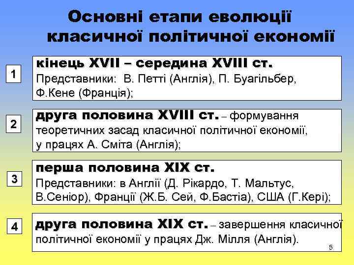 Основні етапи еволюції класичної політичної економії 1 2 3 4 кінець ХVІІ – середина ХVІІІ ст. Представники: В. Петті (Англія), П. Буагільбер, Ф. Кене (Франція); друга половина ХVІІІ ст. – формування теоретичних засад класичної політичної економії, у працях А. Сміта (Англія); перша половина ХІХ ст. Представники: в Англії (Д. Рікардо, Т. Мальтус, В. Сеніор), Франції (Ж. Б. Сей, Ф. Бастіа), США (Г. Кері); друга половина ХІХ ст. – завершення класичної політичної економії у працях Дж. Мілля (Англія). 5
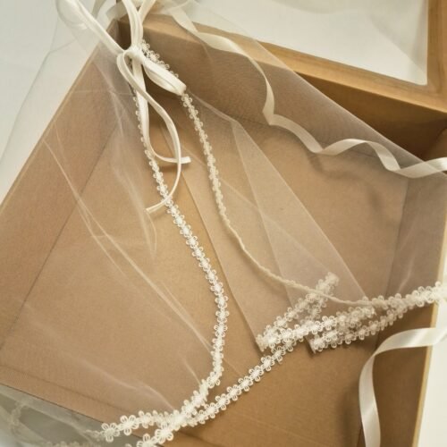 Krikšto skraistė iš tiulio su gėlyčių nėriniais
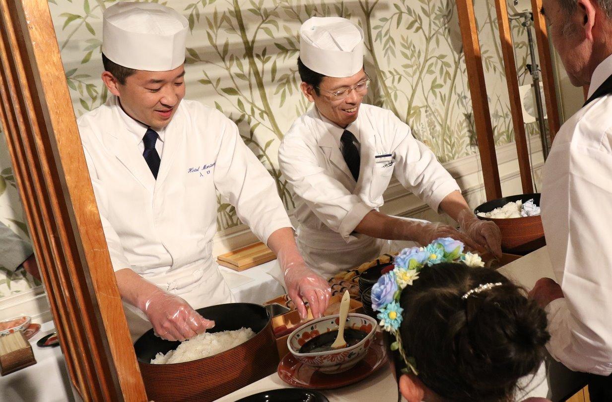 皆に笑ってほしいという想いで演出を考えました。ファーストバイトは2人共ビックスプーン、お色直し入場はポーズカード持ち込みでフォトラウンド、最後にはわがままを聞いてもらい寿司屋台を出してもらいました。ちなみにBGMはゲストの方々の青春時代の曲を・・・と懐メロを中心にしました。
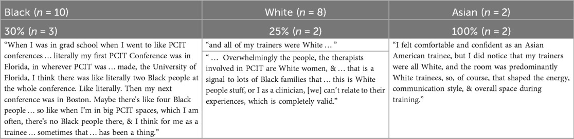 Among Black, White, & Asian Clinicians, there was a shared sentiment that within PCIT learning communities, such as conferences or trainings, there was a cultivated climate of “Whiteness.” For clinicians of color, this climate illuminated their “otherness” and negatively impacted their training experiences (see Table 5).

**DESCRIPTION OF THE TASK:**
Without including any picture, copy the listing above exactly and in full.

**WRITTEN SOLUTION:**
 Основні етапи еволюції класичної політичної економії 1 2 3 4 кінець ХVІІ – середина ХVІІІ ст. Представники: В. Петті (Англія), П. Буагільбер, Ф. Кене (Франція); друга половина ХVІІІ ст. – формування теоретичних засад класичної політичної економії, у працях А. Сміта (Англія); перша половина ХІХ ст. Представники: в Англії (Д. Рікардо, Т. Мальтус, В. Сеніор), Франції (Ж. Б. Сей, Ф. Бастіа), США (Г. Кері); друга половина ХІХ ст. – завершення класичної політичної економії у працях Дж. Мілля (Англія). 5
 Krikšto skraistė iš tiulio su gėlyčių nėriniais
 皆に笑ってほしいという想いで演出を考えました。ファーストバイトは2人共ビックスプーン、お色直し入場はポーズカード持ち込みでフォトラウンド、最後にはわがままを聞いてもらい寿司屋台を出してもらいました。ちなみにBGMはゲストの方々の青春時代の曲を・・・と懐メロを中心にしました。
 Among Black, White, & Asian Clinicians, there was a shared sentiment that within PCIT learning communities, such as conferences or trainings, there was a cultivated climate of “Whiteness.” For clinicians of color, this climate illuminated their “otherness” and negatively impacted their training experiences (see Table 5).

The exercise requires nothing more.